Top of Data for analysis

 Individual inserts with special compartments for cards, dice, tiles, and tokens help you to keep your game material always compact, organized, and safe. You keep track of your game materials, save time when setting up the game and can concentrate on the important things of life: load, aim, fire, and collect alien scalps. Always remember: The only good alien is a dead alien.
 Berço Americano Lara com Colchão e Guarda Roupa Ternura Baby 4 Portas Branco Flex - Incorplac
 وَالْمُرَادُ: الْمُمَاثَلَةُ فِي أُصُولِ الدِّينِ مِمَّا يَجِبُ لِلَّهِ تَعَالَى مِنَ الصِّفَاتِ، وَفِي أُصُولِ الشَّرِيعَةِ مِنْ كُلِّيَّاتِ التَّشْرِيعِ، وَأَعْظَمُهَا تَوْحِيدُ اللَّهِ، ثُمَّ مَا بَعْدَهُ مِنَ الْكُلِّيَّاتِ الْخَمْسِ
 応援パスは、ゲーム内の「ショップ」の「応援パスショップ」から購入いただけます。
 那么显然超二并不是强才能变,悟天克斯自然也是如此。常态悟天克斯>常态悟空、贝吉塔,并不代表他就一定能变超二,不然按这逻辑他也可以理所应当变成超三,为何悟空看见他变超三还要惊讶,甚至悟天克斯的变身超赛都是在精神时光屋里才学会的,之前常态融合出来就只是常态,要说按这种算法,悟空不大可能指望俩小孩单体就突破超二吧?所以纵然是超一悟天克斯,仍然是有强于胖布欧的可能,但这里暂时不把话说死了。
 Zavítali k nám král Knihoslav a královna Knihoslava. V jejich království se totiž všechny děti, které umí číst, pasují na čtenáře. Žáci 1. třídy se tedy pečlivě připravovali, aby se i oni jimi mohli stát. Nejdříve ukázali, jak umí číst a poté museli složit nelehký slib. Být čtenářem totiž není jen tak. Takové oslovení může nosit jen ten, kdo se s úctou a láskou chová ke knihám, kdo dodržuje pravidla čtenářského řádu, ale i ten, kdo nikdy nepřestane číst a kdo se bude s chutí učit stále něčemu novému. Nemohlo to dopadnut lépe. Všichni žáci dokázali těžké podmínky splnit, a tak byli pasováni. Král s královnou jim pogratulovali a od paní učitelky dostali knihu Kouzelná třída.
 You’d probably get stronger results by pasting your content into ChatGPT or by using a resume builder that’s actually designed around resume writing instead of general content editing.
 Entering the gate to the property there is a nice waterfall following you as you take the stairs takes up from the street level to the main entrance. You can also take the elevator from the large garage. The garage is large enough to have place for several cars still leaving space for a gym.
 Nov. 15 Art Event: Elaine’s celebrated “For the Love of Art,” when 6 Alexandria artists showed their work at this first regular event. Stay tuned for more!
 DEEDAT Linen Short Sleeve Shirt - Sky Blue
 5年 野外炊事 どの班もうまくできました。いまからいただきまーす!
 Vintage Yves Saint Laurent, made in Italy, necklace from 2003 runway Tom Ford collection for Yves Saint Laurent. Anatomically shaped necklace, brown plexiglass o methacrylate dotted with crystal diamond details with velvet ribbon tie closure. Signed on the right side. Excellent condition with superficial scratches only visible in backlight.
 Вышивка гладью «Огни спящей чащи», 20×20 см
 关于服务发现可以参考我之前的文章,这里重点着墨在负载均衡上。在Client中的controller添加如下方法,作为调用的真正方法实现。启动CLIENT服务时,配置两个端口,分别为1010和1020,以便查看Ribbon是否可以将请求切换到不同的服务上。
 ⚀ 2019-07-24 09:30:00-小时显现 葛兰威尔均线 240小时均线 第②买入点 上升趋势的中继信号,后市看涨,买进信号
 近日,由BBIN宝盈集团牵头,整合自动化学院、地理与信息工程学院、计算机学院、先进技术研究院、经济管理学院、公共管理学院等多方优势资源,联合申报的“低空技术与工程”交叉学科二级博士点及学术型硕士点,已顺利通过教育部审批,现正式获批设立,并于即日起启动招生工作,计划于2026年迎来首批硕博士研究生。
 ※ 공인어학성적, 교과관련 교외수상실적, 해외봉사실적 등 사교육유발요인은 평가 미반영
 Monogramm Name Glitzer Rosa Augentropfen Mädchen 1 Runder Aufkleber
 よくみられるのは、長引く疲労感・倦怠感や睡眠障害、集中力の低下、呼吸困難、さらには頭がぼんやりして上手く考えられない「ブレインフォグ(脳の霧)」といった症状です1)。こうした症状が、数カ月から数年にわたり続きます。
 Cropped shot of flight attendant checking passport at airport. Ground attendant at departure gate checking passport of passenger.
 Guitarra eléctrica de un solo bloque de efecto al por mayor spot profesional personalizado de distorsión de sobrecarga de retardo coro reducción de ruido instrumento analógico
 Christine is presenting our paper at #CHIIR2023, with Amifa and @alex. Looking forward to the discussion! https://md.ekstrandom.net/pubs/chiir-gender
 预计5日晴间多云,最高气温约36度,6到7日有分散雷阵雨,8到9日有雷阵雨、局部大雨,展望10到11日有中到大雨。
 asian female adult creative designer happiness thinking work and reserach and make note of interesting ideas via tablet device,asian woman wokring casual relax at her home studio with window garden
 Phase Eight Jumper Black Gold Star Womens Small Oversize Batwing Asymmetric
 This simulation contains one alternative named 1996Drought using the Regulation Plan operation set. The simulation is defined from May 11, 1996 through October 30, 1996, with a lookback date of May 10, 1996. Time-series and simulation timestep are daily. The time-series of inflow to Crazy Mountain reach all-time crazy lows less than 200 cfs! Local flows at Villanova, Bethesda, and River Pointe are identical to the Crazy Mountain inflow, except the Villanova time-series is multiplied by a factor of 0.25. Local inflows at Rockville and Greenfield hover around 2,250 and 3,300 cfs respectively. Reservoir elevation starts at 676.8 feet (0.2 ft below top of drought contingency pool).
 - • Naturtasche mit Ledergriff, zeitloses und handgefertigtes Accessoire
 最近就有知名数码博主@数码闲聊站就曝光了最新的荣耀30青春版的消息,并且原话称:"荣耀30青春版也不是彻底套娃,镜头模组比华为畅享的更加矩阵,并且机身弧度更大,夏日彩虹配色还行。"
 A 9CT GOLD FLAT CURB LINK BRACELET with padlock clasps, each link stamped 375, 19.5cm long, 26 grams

Bottom of Data for analysis

__Exercise instructions__
The lines holding the word "your" are the answer. Pull them out of the records and copy them.

__Answer box__
 Individual inserts with special compartments for cards, dice, tiles, and tokens help you to keep your game material always compact, organized, and safe. You keep track of your game materials, save time when setting up the game and can concentrate on the important things of life: load, aim, fire, and collect alien scalps. Always remember: The only good alien is a dead alien.
 You’d probably get stronger results by pasting your content into ChatGPT or by using a resume builder that’s actually designed around resume writing instead of general content editing.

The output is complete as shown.